Считается, что сам Маяковский никак не комментировал означенную изуверскую строчку. Однако, в том архиве, который я теперь усердно перелопачиваю, попались мне вот такая интересная запись. Принадлежит она некоему Леониду Равичу, который отрекомендован, как ученик и поклонник пролетарского горлана и главаря.
Он рассказывает:
«Маяковский остановился, залюбовался детьми. Он стоял и смотрел на них, а я, как будто меня кто-то дёрнул за язык, тихо проговорил:
— Я люблю смотреть, как умирают дети...
Мы пошли дальше.
Он молчал, потом вдруг сказал:
— Надо знать, почему написано, когда написано, для кого написано. Неужели вы думаете, что это правда?».
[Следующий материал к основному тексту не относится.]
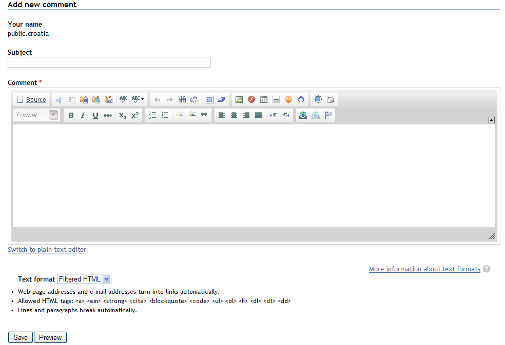 A new comment can be created by using the “Add new comment” form at the end of a topic page and then save.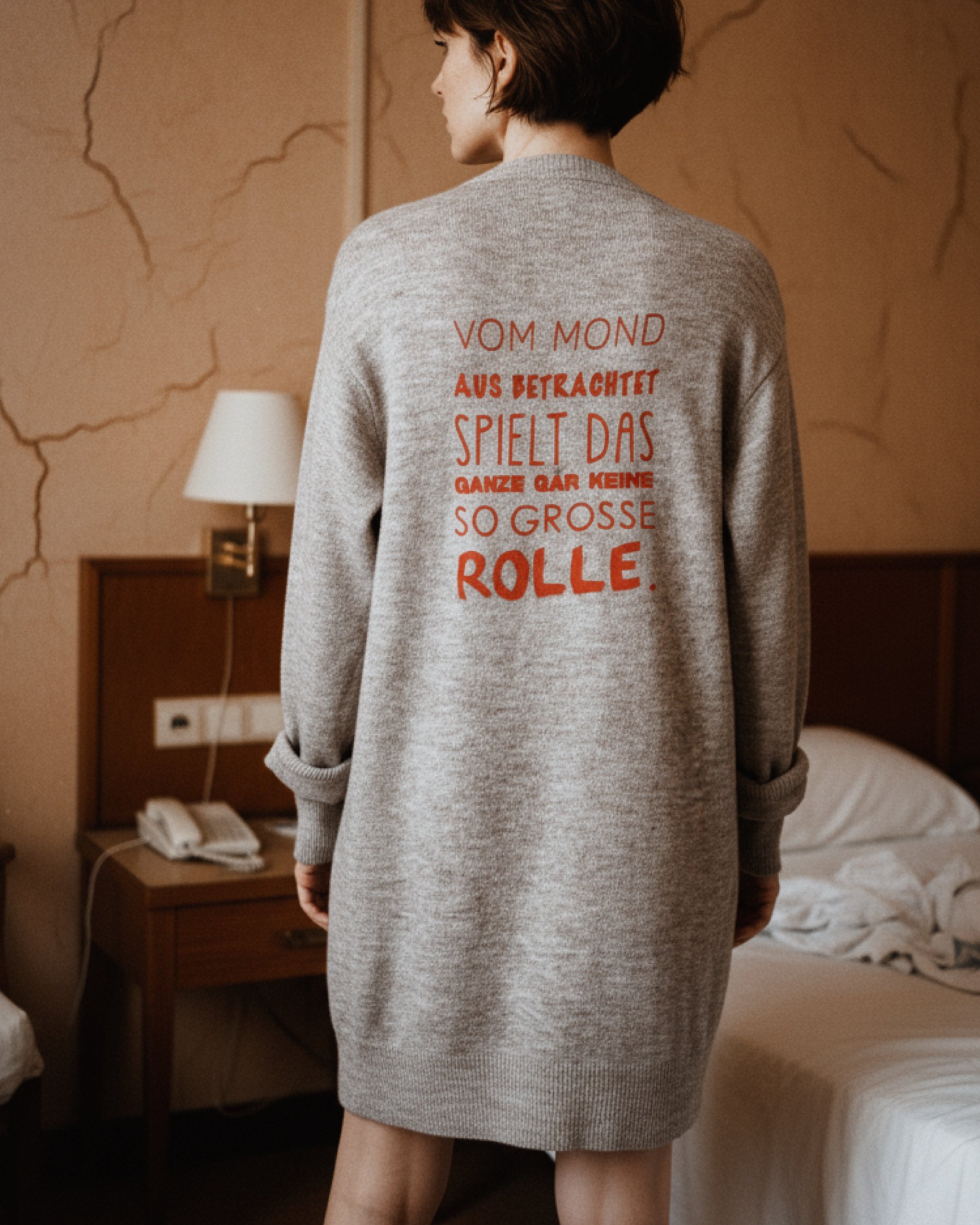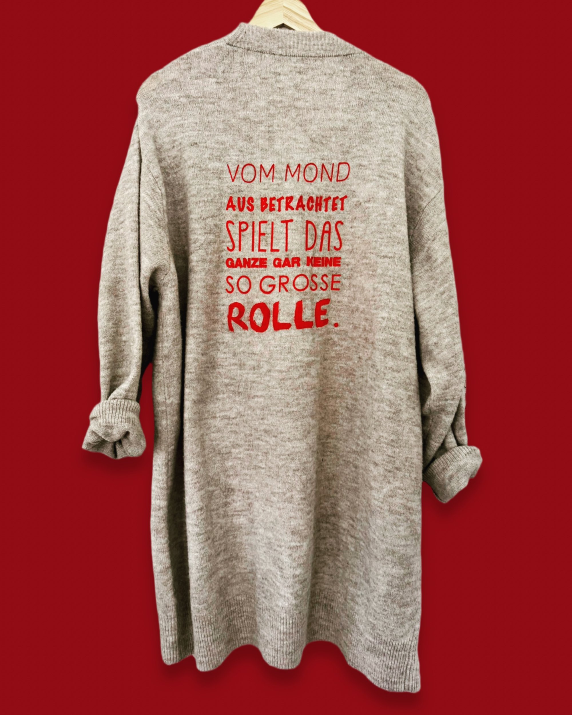 Auf der Rückseite befindet sich ein auffälliger roter Statement-Print, der der Strickjacke eine besondere Wirkung verleiht.

Теперь всё ясно. Маяковскому тогда надо было сказать эту дичь. Для чего — надо?
Да для того опять же, чтобы ошарашить. Чтобы привлечь внимание любой ценой. Чистотой и совершенством, понятное дело, этого сделать уже невозможно было. Это были качества уходящей поэзии. Она была брошена с парохода.
Оставалась в арсенале новой культуры только пакость и гниль.
Но ведь, чтобы сказать гнусность исключительного качества, нужно изнасиловать и испоганить собственную свою природную суть, детское в себе, душу свою. Пока вы не убьёте в себе ребёнка, вы останетесь человеком.
Не описал ли смерть этой детскости и обязательной начальной, от природы, чистоты в себе тогда Маяковский?
Кстати сказать, наш истинный Господь, который Маяковскому и русскоязычным знатокам «гностического бога» не ведом, о детях говорил совершенно иначе: «будьте, как дети, — говорил он, — ибо их есть Царствие небесное...». По мотивам этих евангельских слов Фёдор Достоевский написал роман «Идиот», загадочный и великий, но не любимый русскоязычным литературоведением.
Как бы там ни было, а мелкий начальный позыв изрыгнуть нравственную гниль, тут же отразился на общем духовном и физическом организме Маяковского.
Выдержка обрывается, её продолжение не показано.